Nope, at least not now if we’re talking about stuff that is used on real devices today 😉
The eMMC used on most SBC for example is really ‘low end’, SinoVoip and FriendlyELEC for example use Samsung eMMC that does not even meet the ’10 MB/s sequential write performance’. Writes get bottlenecked by eMMC and reads by SDIO implementation (maxing out at 80 MB/s with all the cheap implementations). If we’re talking about SBC it seems Hardkernel are the only ones really caring about maximum performance (and surprisingly Xunlong even on the cheap Oranges also soldering performant eMMC).
Anyway: I played around with an ARM device using Apple’s A9X a few weeks ago (the larger iPad Pro) and it’s amazing how fast storage is there. Memory bandwidth of this SoC is amazing and also ‘storage performance’. Apple’s aquisition of Anobit few years ago led to PCIe attached NAND storage making use of NVME which is magnitudes faster than any eMMC around (and most consumer SSD used in PCs) especially if we’re talking about random IO 🙂
The recent TV boxes I’ve tried all use mainstream or the top eMMC 5.1 chip of the “low end” segment, all of which deliver above 4K/2K IOPS. Now, once you put them in a device, they don’t always extract the maximum performance out of those.

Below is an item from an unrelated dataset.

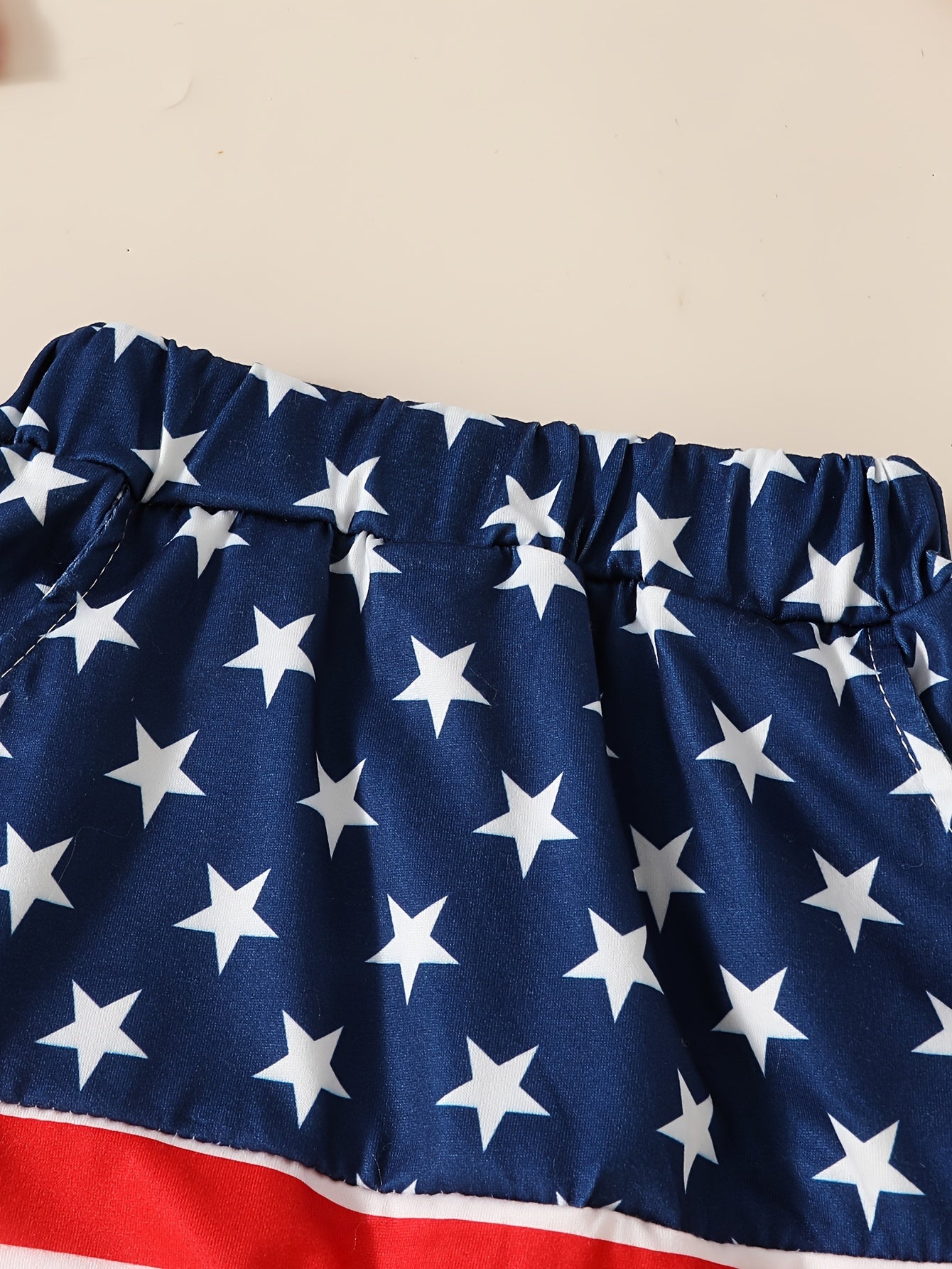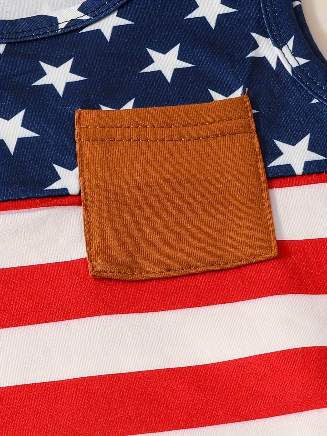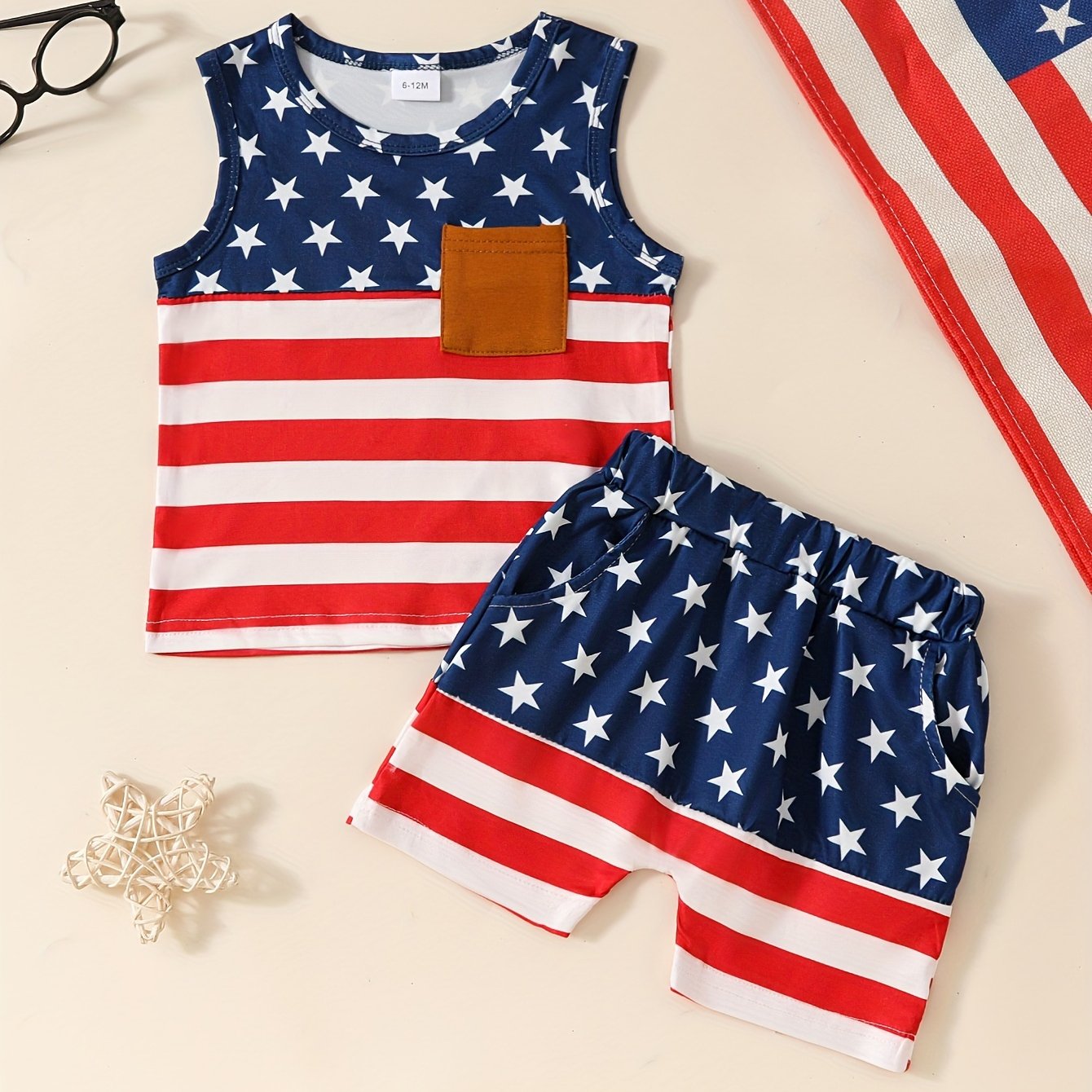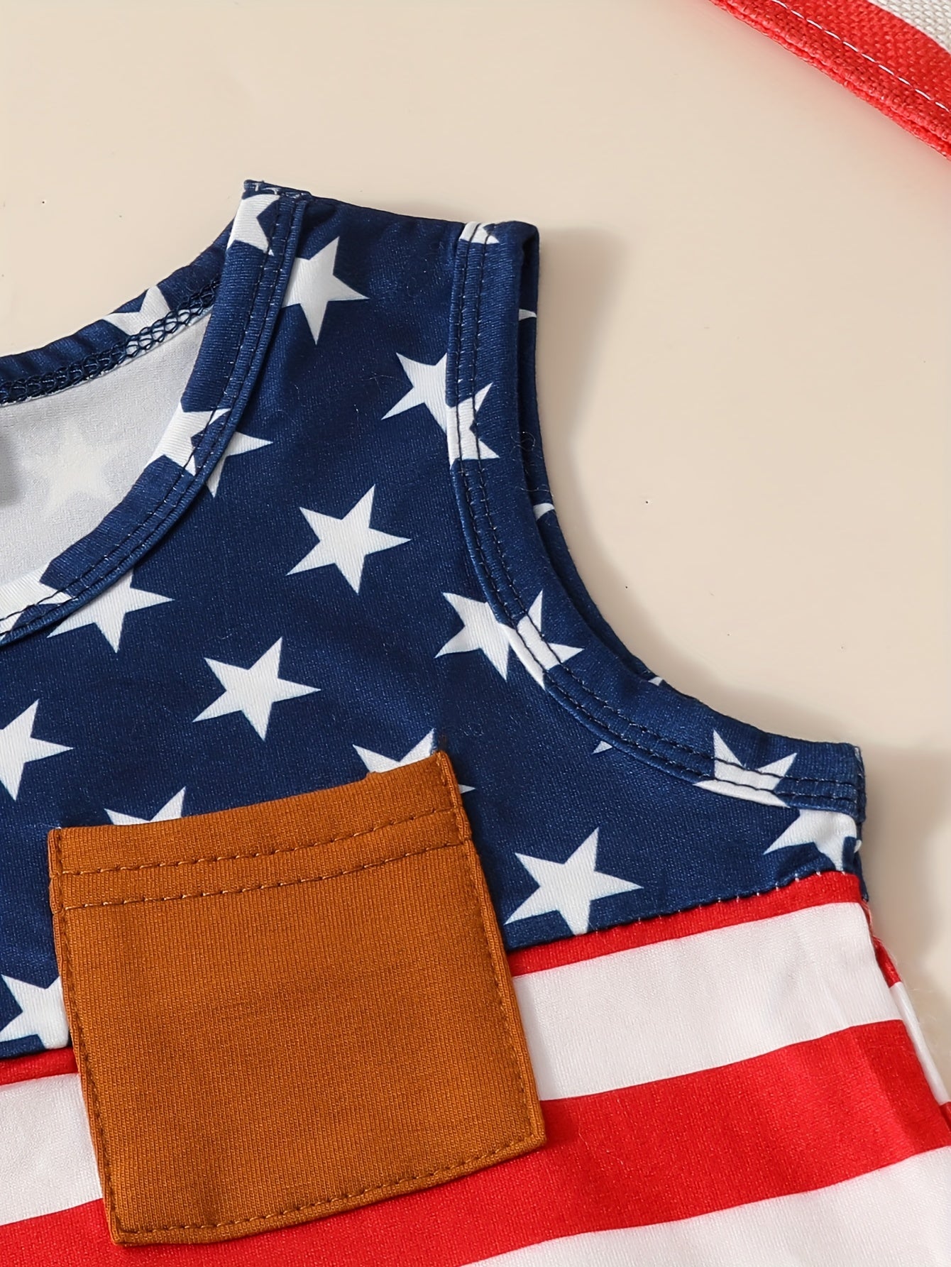 Boys' Patriotic Striped & Star Print Sleeveless Top and Shorts Set, Casual Knit Polyester with Slight Stretch, Regular Fit Spring/Summer Outfit, for Outdoor

Well, the problem is that IOPS is nothing clearly defined when used in vendor data sheets (same with SSDs for example, every vendor can use whatever numbers he wants as long as he’s able to document ‘some procedure’ how numbers were created in case somebody should complain). Even the most basic information (which block size? Are we talking about 4K?) is missing when looking at vendor IOPS numbers. Same for the procedure used to test, for example queue depth / number of parallel requests plays an important role.

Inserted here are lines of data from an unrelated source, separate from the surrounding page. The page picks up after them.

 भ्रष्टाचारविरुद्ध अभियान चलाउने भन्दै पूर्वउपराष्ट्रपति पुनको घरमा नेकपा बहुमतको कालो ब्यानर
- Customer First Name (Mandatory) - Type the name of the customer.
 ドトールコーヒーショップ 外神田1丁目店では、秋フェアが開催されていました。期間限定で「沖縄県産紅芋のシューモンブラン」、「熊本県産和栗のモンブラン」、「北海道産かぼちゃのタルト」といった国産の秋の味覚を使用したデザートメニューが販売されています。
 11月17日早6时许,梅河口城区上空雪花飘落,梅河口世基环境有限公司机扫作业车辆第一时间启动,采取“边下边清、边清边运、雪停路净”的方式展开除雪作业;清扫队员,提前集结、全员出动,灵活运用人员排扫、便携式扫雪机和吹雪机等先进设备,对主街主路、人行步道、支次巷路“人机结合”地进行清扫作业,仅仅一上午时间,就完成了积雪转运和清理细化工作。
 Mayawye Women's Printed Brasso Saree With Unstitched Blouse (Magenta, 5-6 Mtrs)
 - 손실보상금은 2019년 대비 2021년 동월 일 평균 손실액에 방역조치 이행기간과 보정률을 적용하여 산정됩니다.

Serious publications testing IOPS document this (eg. ‘Iometer settings xy’ or AS SSD ‘4K-64Thrd’ test) and use always the same setup when testing different devices (so with the specific workload in mind different products become comparable regarding random IO — BTW: it’s not all about IOPS, latency is the other and for some workloads way more important factor). But vendor IOPS are always questionable, at least up to now or let’s say broader adoption of SD Association’s App performance class ratings.
Anyway: Without knowing how SD Association defines their IOPS test setup it’s also just a broad indicator since specific workloads might make a huge difference. I’m currently testing some USB flash media and it’s amazing how the sticks behave depending on some environmental parameters eg. huge performance drops after writing large amounts of data (obviously throttling occuring) or a huge variation between isolated IOPS (read or write) and those for realistic scenarios (a certain mix of reads and writes).

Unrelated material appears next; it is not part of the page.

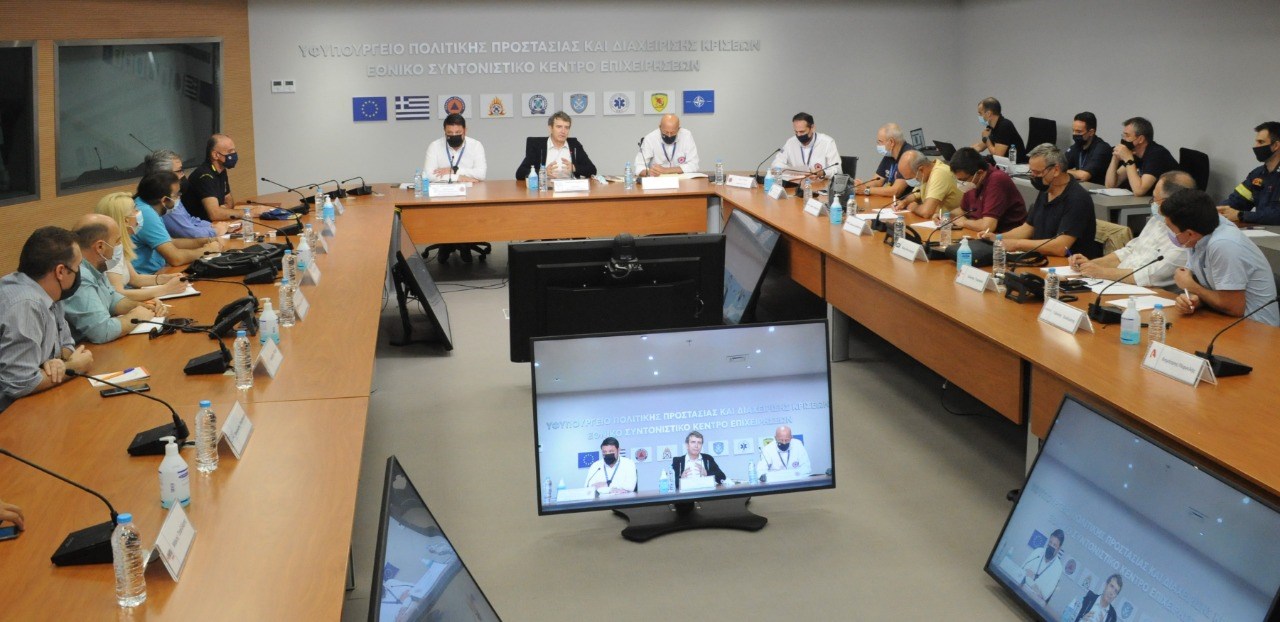 Η συνέντευξη τύπου έγινε παρουσία του Γενικού Γραμματέα Πολιτικής Προστασίας, Βασίλειου Παπαγεωργίου, του Αρχηγού του Πυροσβεστικού Σώματος, Αντιστράτηγου Στέφανου Κολοκούρη και του ο Γενικού Διευθυντή Συντονισμού της Γενικής Γραμματείας Πολιτικής Προστασίας, Φοίβου Θεοδώρου.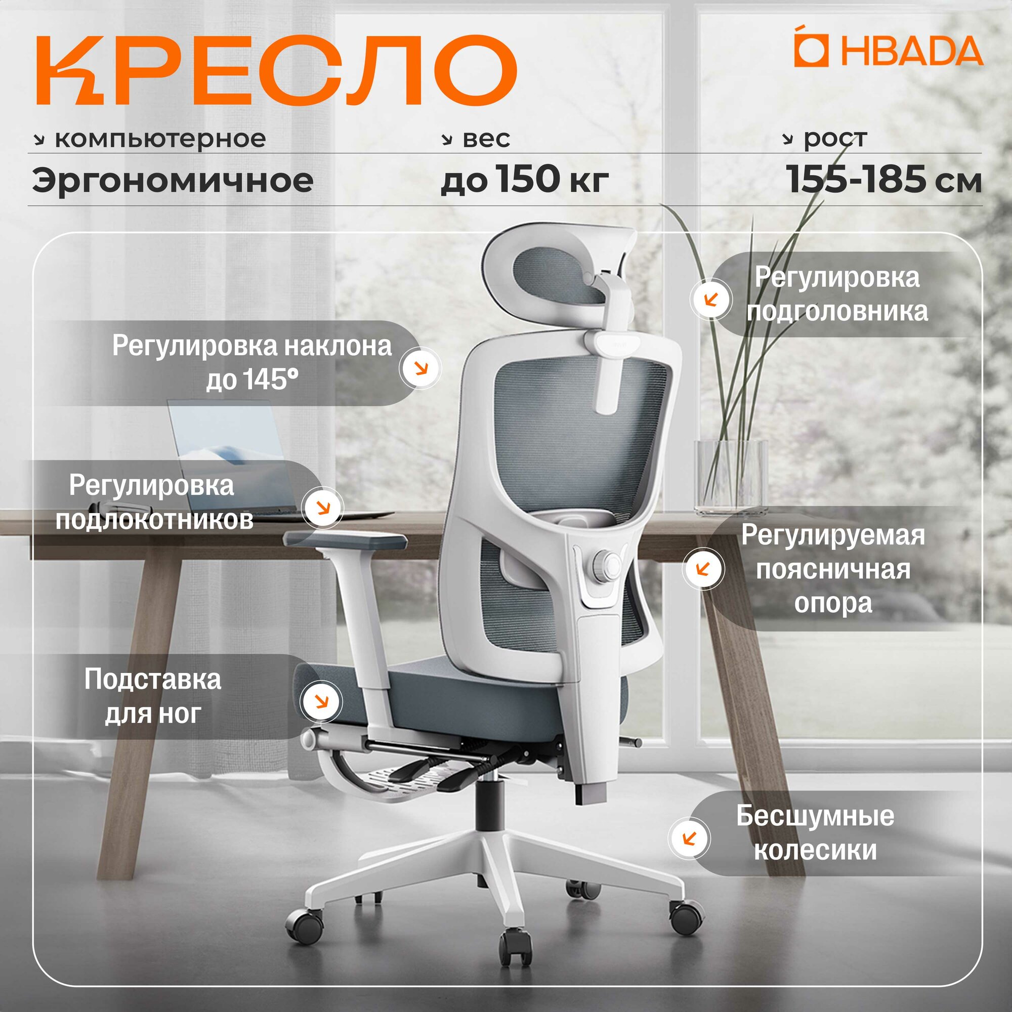 с газлифтом, с колесами (роликами), с подголовником, с подлокотниками, с подставкой для ног, с поясничным упором

Aren’t latency and IOPS related? I’d expect less IO per second with higher latency.
Of course latency and IOPS are somewhat related (the lower the queue depth the more IOPS depend solely on latency) but it depends a lot on storage/controller internals how both relate and which bottlenecks are here and there (and also how external parameters like parallel requests impact test results and benchmark setups — ‘queue depth’ being the magic word here)
For some workloads average and max latency become more important than IOPS. Imagine caching in a storage cluster to prevent data losses in case one cluster node dies. With a ZFS based implementation this is done by the so called ZIL cache and in a cluster setup you use ‘sync=always’ and accept a transaction to be finished only when all ZIL devices in the cluster confirm writing the blocks to their respective SSDs. Now you get SSDs with same IOPS ratings that differ in price a lot. And the difference is ‘IO consistency’ or latency. Even SSDs with high latency can show high IOPS rates when we’re talking about many IO requests in parallel — high queue depth by using internal parallelism but this doesn’t help here since finishing single transactions in the shortest time possible is the only metric that counts.
Well, somewhat off-topic (again 😉 ). I would recommend searching for ‘intel p3700 consistency anandtech’ and reading at least the test introduction to get the picture. And everything written there regarding AHCI vs. NVMe can be used to understand differences in low-end storage too (SDIO vs. UFS for example)
Some performance data generated with two new 32 GB SanDisks: An Ultra A1 and an Extreme A1: https://forum.armbian.com/topic/954-sd-card-performance/?do=findComment&comment=49811
TL;DR: Buy genuine A1 cards and forget about everything else around. At least if it’s about random IO performance (and the ‘rootfs on SD card’ use case)